Re: Really desperately lonely and nothing is getting any better

Postby christabel » Mon Nov 13, 2017 11:18 pm

Sorry you are feeling lonely mara. I have often felt like that even when I have people round me. Quite a lot of the time now I am happy with my own company or that of close family.

It is hard when you have no motivation to do anything as distraction helps.
I started on mirtazapine two years ago and now I am on full dose I am coping ok. After trying a few to find what suited me mirtazapine was the best option. Stick with it and hopefully you will feel stronger soon.
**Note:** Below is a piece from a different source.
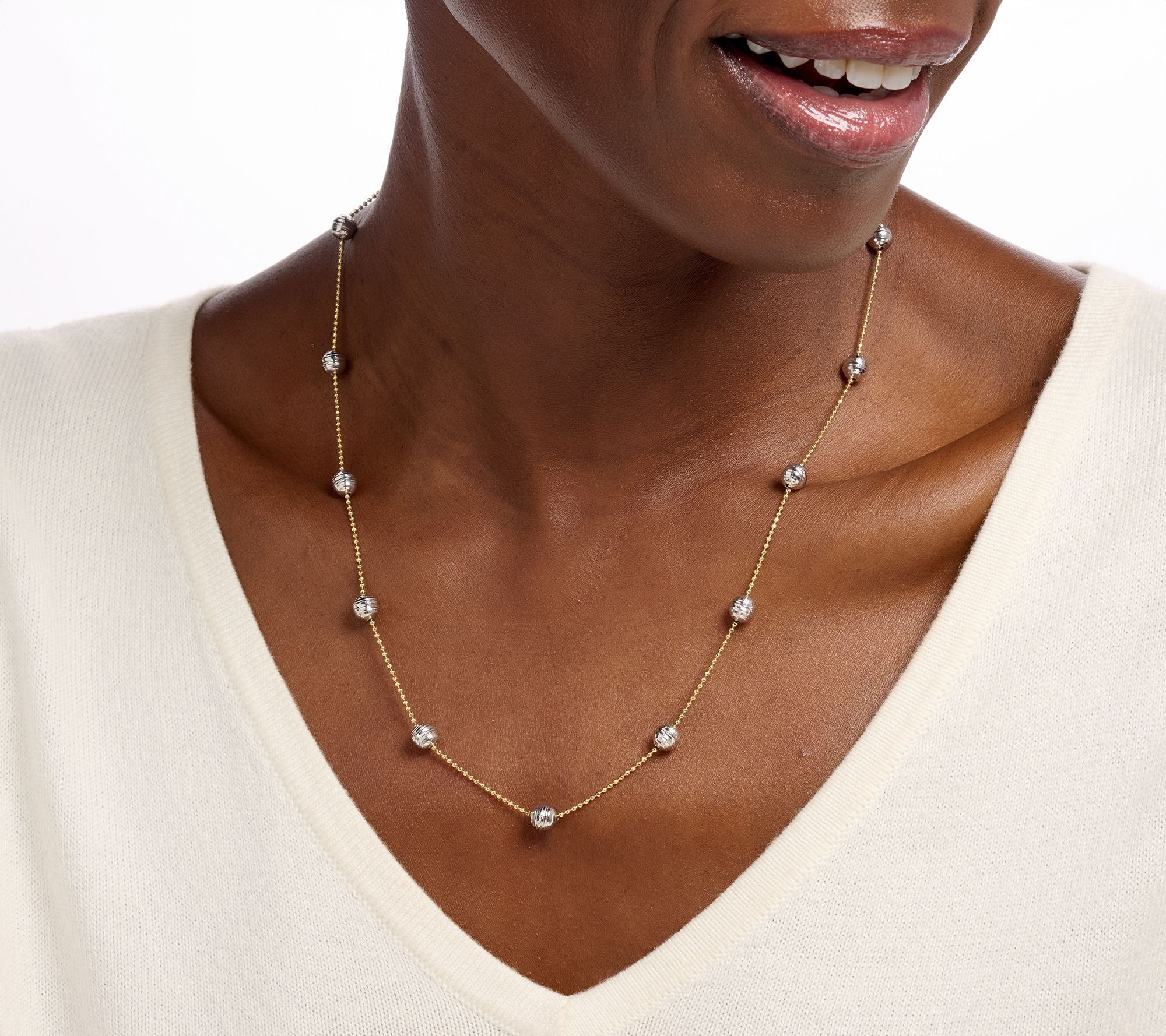 Sparkle and sophistication meet in this 20" station necklace, where diamond-cut beads catch the light with every move. Whether layered with other favorites or styled solo, this versatile piece brings elevated shine to any neckline, making it a tasteful choice for everyday looks or special evenings. From David Markstein.

Try not to be too hard on yourself. To have a husband and two children is an achievement in itself. We are our own worst critics sometimes. You are worth so much more believe me.
I don't have much in the way of advice just a bit of support because I know how it can feel. Take care. X Chris

beach
Posts: 124
Joined: Sat Apr 22, 2017 6:52 pm

Re: Really desperately lonely and nothing is getting any better

Postby beach » Tue Nov 14, 2017 8:03 pm

Hi Mara, wish you were feeling better. It is a rotten place to be. I was just wondering if there is anything you could bring into your life that would make each day a bit better. For instance, is there a craft you could start. Doing half an hour a day will take your mind off things and you will create something over time that will make you smile and give you self esteem and confidence.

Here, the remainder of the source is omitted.